To these larger barracks came companies of infantry and troops of cavalry from one or two company posts scattered all over the West, and now abandoned forever. Some forts bearing historic names were torn down by the neighboring farmers almost overnight. The remainder are falling to pieces and are disappearing from the earth as have the stagecoach, the pony rider, the Indians of Sitting Bull and Chief Joseph, and the Bret Harte pioneers, — a world in which the lonely garrisons often played a leading part.
But the troops that abandoned the small posts were a fine, hardy lot, accustomed to long marches : the cavalry ready to ride a hundred and odd miles in twenty-four hours to rescue imperiled comrades, and the infantry inured to campaigns with the snow deep underfoot and the temperature thirty or forty degrees below zero. The “unit of service ” was almost always the company of forty or fifty men, which generally marched, lived, and fought alone. The captains were, until the nineties, veterans of the Civil War, good disciplinarians and “sticklers ” in keeping up military etiquette. The lieutenants were for the most part graduates of West Point, often discouraged and sometimes demoralized by the lonely life on the prairies and the desperately slow promotions. Battalion drills were possible only at the larger posts ; regimental ones only at Forts Leavenworth and Riley and one or two other places. Manœuvres on a large scale occurred in 1886 and 1894. In a number of instances, regiments organized during the Civil War or at its close met for the first time as a whole when assembled at Tampa or elsewhere en route to Cuba.

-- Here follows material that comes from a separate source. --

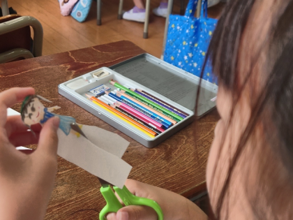 図工科の時間は、色えんぴつで泳いでいる人の形を描いて、はさみで切り、スティックのりではっていきます。

In view of the army’s thirty years of this kind of training, it was fortunate for the United States that the Cuban campaign in 1898 was one which could be fought largely by company officers and by the men themselves. There was little or no strategy in the attack on Santiago, and the tactics — that is, the movements in the face of the enemy — were made much like those of the Indian fights by the absence of a proper plan of attack, the nature of the jungle, and the consequent scattering of brigades and regiments. The enlisted men separated and fought much as they and their predecessors had scattered and battled in Arizona’s cañons and Montana’s mountains, and the way they bore themselves was only what was expected by those who knew the service. Even when their officers were shot down, blacks and whites went on, not only because of their non-commissioned officers, trained to assume responsibility, but because of the spirit of obedience and the discipline licked into them by their company officers on the wind-swept parade grounds and the sun - dried mesas of the West. The hard character of the service from 1866 to 1889, and the men sent out from West Point during that time, kept the heart and the limbs of the army sound and vigorous. The inborn initiative and adaptability of the American soldier, traits so lacking in European armies and so extremely important in modern warfare, carried the army safely and victoriously through its greatest test since 1865.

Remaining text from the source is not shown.